Talk

How to generalize machine learning models to both canonical and non-canonical peptides

Abstract

Bioactive peptides are an important class of natural products with great functional diversity. Chemical modifications can improve their pharmacology, yet their structural diversity presents unique challenges for computational modeling. Furthermore, data for canonical peptides (non-modified) is more abundant than for non-canonical (chemically modified). We explored whether current methods are sufficient to generalize from canonical data to non-canonical datasets. To do this, we first considered two critical aspects of the modeling problem, namely choice of similarity function for guiding dataset partitioning and choice of molecular representation. Similarity-based dataset partitioning is an evaluation technique that divides the dataset into train and test subsets, such that the molecules in the test set are different from those used to fit the model.
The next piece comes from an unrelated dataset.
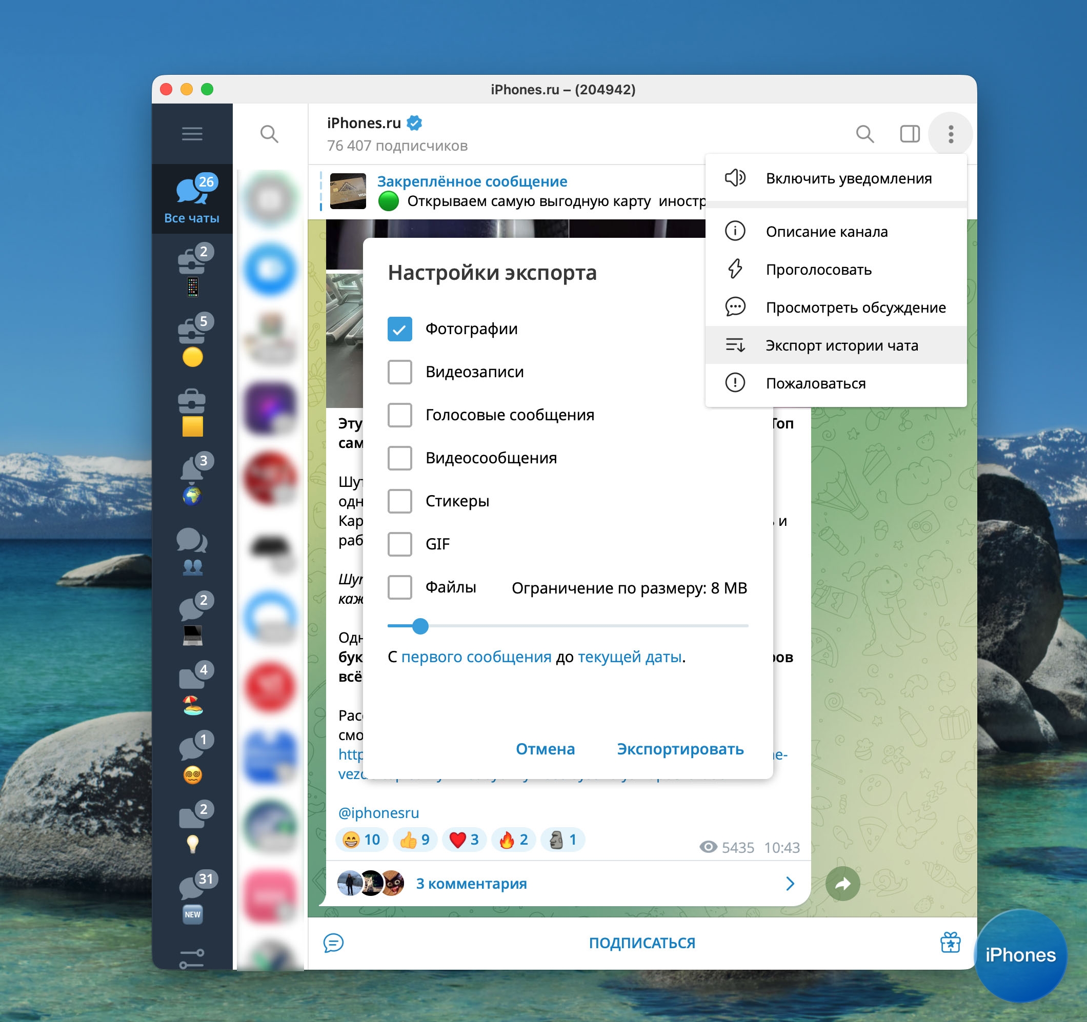 Если нужно сохранить только данные, а не саму переписку, можно экспортировать файлы прямо из меню мессенджера.

We demonstrate, across four peptide function prediction tasks, that chemical fingerprint-based similarity measures outperform traditional sequence alignment-based metrics for partitioning canonical peptide datasets, challenging standard practices. We have also found that the deep-learned embeddings from Chemical Language Models (CLMs) generally outperform chemical fingerprints and other peptide-specific pre-trained models, performing best for non-canonical peptides and second best for canonical. Despite this, models trained on only one of the two peptide classes fail to properly extrapolate to the other. However, by enriching the canonical datasets with a small proportion of non-canonical peptides, we are able to build robust joint models that generalise adequately to both canonical and non-canonical data. These insights are implemented in the AutoPeptideML open-source project and webserver for automatically constructing predictive models of peptide biophysical properties. All code and data necessary for reproducing the experiments are available in Zenodo and Github.